Yay! Now I can make my own drone company. Okay I'm not serious, but this seems could quickly be done.
I am so not ready for this to be at PHD level... wow the rate of progress is wow...
Not sure when diving puzzles from a trillion dollar company and 20+ minutes of vaporware talk became popular but I guess this is the new trend.
It just occurred to me, they are spending BILLIONS and BILLIONS of dollars, providing all the information in the world, to train these LLMs. How much did the world spend on training YOU?
1 hour is approximately 0.0114% of a year.
Chat GPT did generation changing work in less than a Percentage of the Time it took a Human. Wow. Just Wow.

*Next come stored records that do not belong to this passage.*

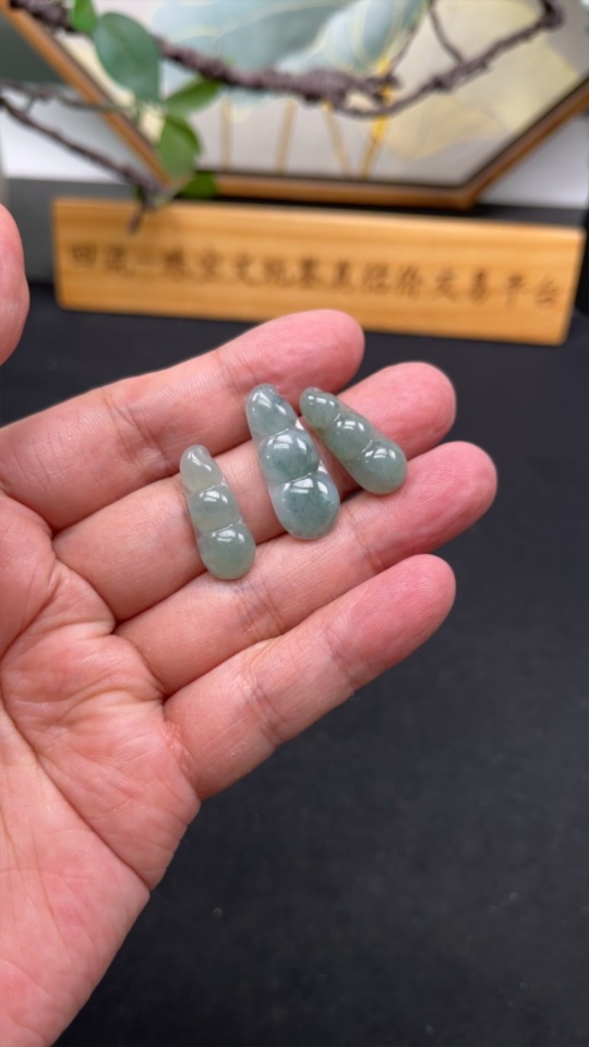 Jadeite Lucky Bean Inlaid Piece Sell as a Lot Total Weight Approx. 5.56g
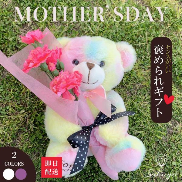 母の日限定!カーネーションを抱っこしたくまちゃんです。
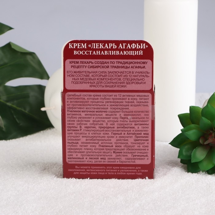Создан по традиционному рецепту сибирской травницы Агафьи. Его живительная сила заключается в уникальном составе, который состоит из 12 натуральных медовых компонентов, специально подобранных для сохранения здоровья и красоты Вашей кожи. Целебный состав крема состоит из 12 активных медовых компонентов, которые глубоко проникают в кожу, питают и активизируют процессы регенерации тканей, оказывают противовоспалительное и заживляющее воздействие, эффективно восстанавливая повреждения. Пчелиное маточное молочко содержит большое количества витаминов, минеральных веществ и аминокислот, оно глубоко увлажняет и успокаивает кожу. Перга, уникальное по своим свойствам вещество, которым пчелы выкармливают своих рабочих собратьев. В ней содержатся все витамины группы В, каротин, природные антибиотики, а также витамин Р, стимулирующий восстановительные и заживляющие процессы в клетках кожи. Горный и Алтайский мед улучшают микроциркуляцию крови и иммунитет. Прополис оказывает антибактериальное действие. Цветочная пыльца, незаменимый источник протеинов, тонизирует и глубоко питает кожу. Пчелиный воск образует на коже невидимую пленку, которая предотвращает обезвоживание и обеспечивает длительную защиту. Мумие оказывает очищающее и противовоспалительное действия. Гречишный, малиновый и лесной мед заживляют, оздоравливают и разглаживают кожу, делая ее свежей и бархатистой. Вы можете применять этот крем ежедневно, для защиты кожи лица и тела в любое время года, а также, как универсальный заживляющий и восстанавливающий крем для всей семьи!
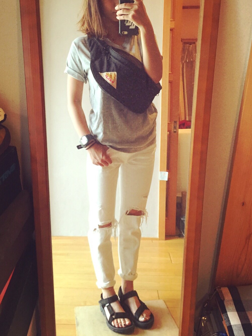 かばんかえるのが めんどくさいのだけれど… 両手あくし楽ちん いつも似たよーな Tシャツにデニムばっか! のっかり☆
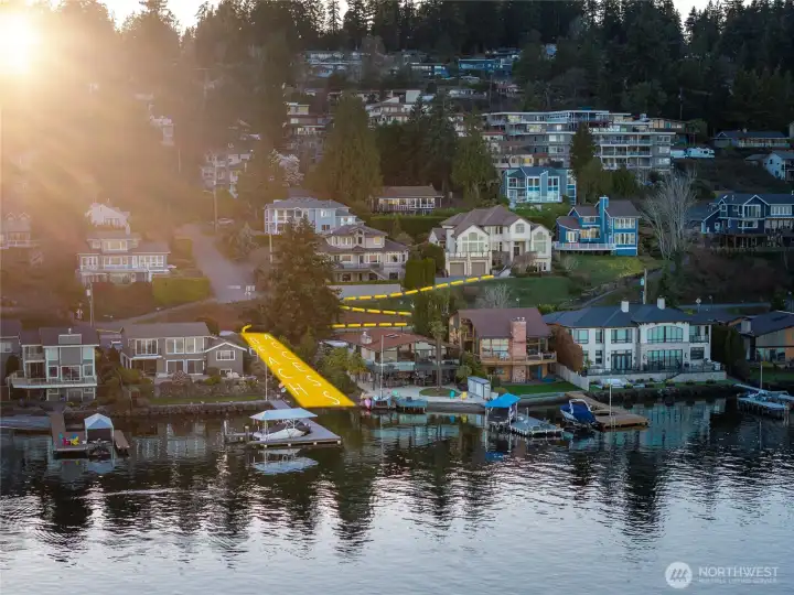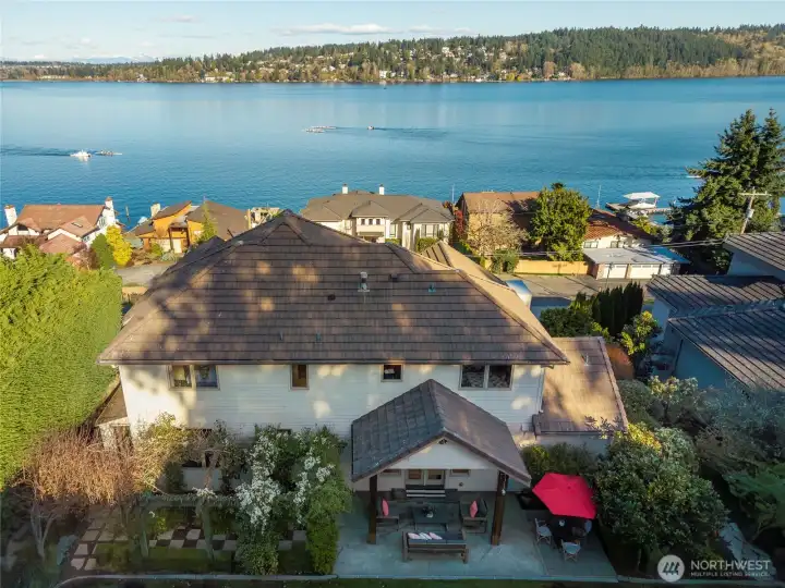 Immediate lake access, sweeping Lake Washington, Cascade and Mt. Rainier views, paired with luxury and the ideal layout, this custom-built residence offers a rare Sheridan Beach opportunity! With over 5,000 sqft, soaring ceilings throughout and walls of windows, the home is beautifully designed to incorporate views into daily living. The chef’s kitchen with oversized island and walk-in pantry opens to expansive gathering spaces and a stunning wraparound view deck. Level front and back yards - a true rarity in Sheridan Beach - complemented by a private garden retreat and covered back patio with ceiling-mounted heater for year-round enjoyment. Upper-level primary suite features a sitting area, sensational views and large walk-in closet. A private-entry MIL suite below with no-step access and second kitchen provides flexibility for guests, extended living or possible rental use. Direct access to the Burke-Gilman Trail just outside the driveway awaits your daily dose of walking or biking or simply connecting with nature. Feel the special energy of watching activity on both the lake and the trail. Convenient to Seattle and the Eastside, within the stellar Shoreline School District, and eligible for associate membership to the Sheridan Beach Club. Best of all, direct lake access just 30 seconds from the house through a secluded public access point just in time for summertime! Don’t miss this magical lifestyle of Sheridan Beach living.

The way I heard it, is the Kessel run parsecs thing originally was just George failing at technobabble, then later retconing it as Han bullshitting them (possibly to test if they were gullible enough to fall for his price); and in parallel more knowledgeable fans have built the fanon that it is indeed about distance and he is bragging his ship is fast enough to skim much closer to blackholes without getting caught and can take a more straight line route without needing to go the long way around,
Yo, a parsec is the distance from which one Astronomical Unit (AU) subtends arc measure of one arc second (1/3600 of one degree); of course, an AU is the average distance from the Sun to Earth (approximately 93 million miles). A parsec is 3.26 light years, about 19.164 trillion miles!
The one thing is the researchers may not realize the model has/had access to his code via git hub and other projects as a base.
True - if it's publicly accessible it would look. But if it did - it improved the code. It was shorter. Still - needs more testing.